Where the line containing "北総合支援学校に通っている1" appears below, start there and repeat each line exactly to the end. Leave the pictures out.

[SUPPLIED MATERIAL]
+ + +

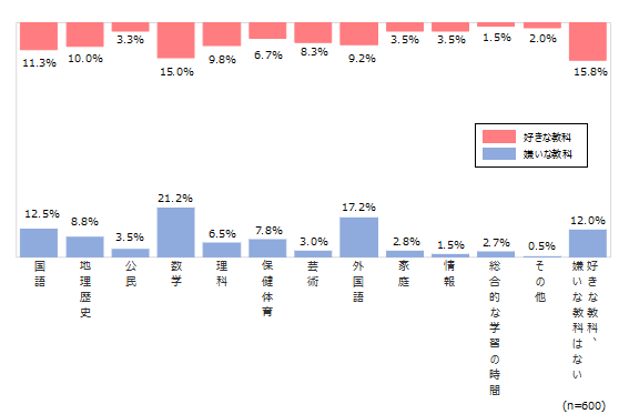 高校生が好きな教科は、1位「数学」(15.0%)、2位「国語」(11.3%)、3位「地理・歴史」(10.0%)、4位「理科」(9.8%)、5位「外国語」(9.2%)。嫌いな教科は、1位「数学」(21.2%)、2位「外国語」(17.2%)、3位「国語」(12.5%)、4位「地理・歴史」(8.8%)、5位「保健・体育」(7.8%)となった。
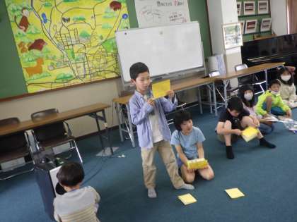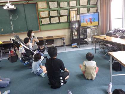 北総合支援学校に通っている1年生のお友達と「初めましての会」をしました。初めはみな緊張していたようですが、自己紹介のあとに一人ずつハイタッチをさせてもらったことでみんなに笑顔が戻りました。一緒にエビカニクスを見たり、プレゼントを渡したり、短い時間でしたが、楽しい時間を過ごすことができたのではないかなと思います。
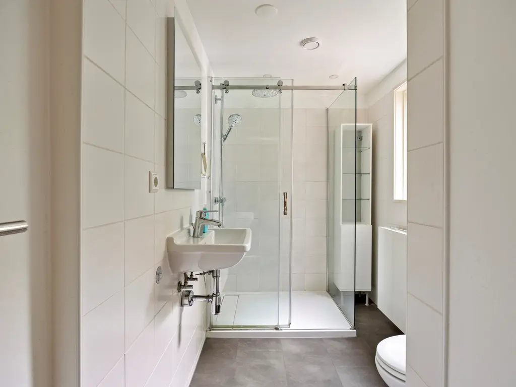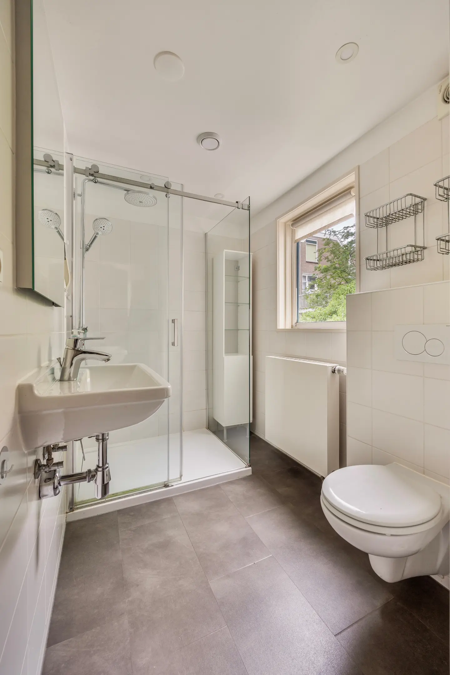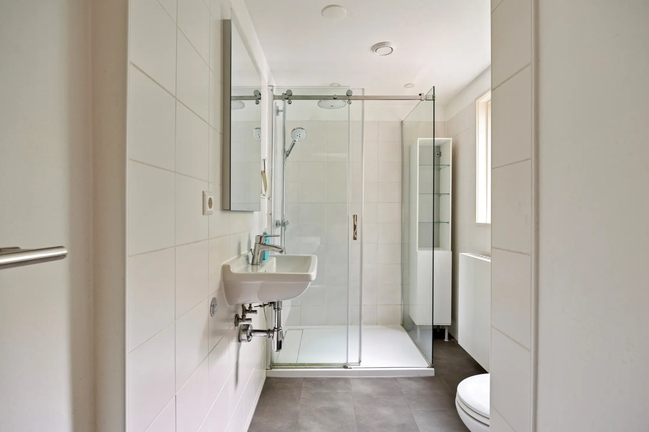 1e verdieping: Overloop met toegang tot 2 ruime slaapkamers en de badkamer. De badkamer beschikt over een aparte douche, zwevend toilet en een wastafel.

+ + +

[REPLY TO THE TASK]
 北総合支援学校に通っている1年生のお友達と「初めましての会」をしました。初めはみな緊張していたようですが、自己紹介のあとに一人ずつハイタッチをさせてもらったことでみんなに笑顔が戻りました。一緒にエビカニクスを見たり、プレゼントを渡したり、短い時間でしたが、楽しい時間を過ごすことができたのではないかなと思います。
 1e verdieping: Overloop met toegang tot 2 ruime slaapkamers en de badkamer. De badkamer beschikt over een aparte douche, zwevend toilet en een wastafel.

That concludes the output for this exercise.